In my mind it does not matter as long as in 10 years time it is still only 1 second out. Prob as important the quarter chime completes before my other clocks chime the hours.
Very nice, but not ISO 8601 compliant. It needs to display date/time as “YYYY-MM-DD HH:MM:SS” to be truly global and not local proprietary. (very simple change in the arduino code so personal preference can reign supreme. :-) ) Yes, I’m a bit CDO (similar to OCD but the letters are in the right order)
Trouble is my OCD only likes to see HH:MM:SS DD:MM:YYYY luckily as you point out you can change the code to match the severity of your OCD. :-)
Perhaps I can win you over to my side with this statement. (or not :-) ) If you use “YYYY-MM-DD HH:MM:SS” to represent date/time for a list of events it sorts nicely chronometricly. I often write report code off of databases and it is usually good to sort data by time and this does so naturally.

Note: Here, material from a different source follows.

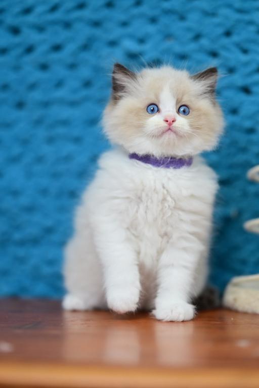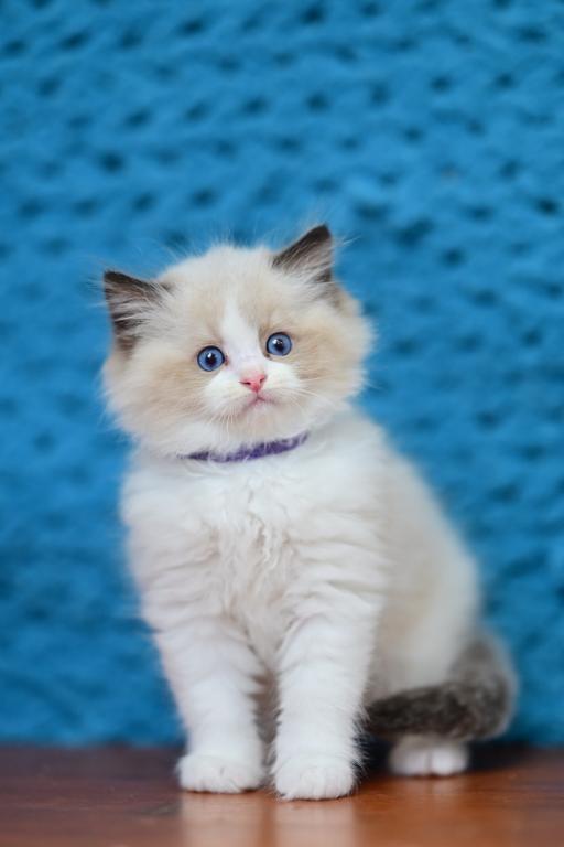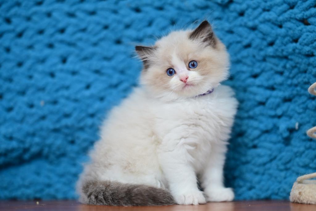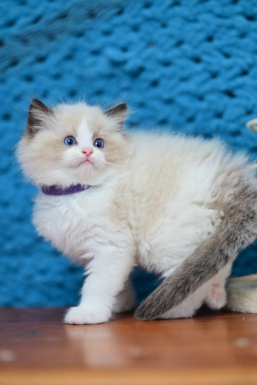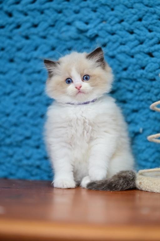 Meet Loran, a stunning Ragdoll kitten with a soft coat and striking blue eyes. This gentle and affectionate kitten is ready to become a beloved member of your family

As for the clock, I have a penned up desire to make something similar as a grandfather clock with real chimes, pendulum, gears and hands but with an NIST precise timing system and some kind of way to power it with gravity so I don’t have to plug it in. I would just have to pull chains once a week. :-)
I do know what you mean I actually store my photos on my PC in that order so they sort correctly in Windows Explorer. I don’t know why It just looks wrong to me. Maybe it goes back to early school years or because I am left handed?
Forgot to mention. I have seen an electric clock on You Tube that uses an electromagnet to keep the pendulum in sync. On my grandfather clock I have disabled the chime and I use an old 30 sec pulse clock movement with a bell hammer on the armature to strike the bell by pulses from my master clock. I have sampled this chime and play it back through my other clocks. As they are all in sync they all chime together.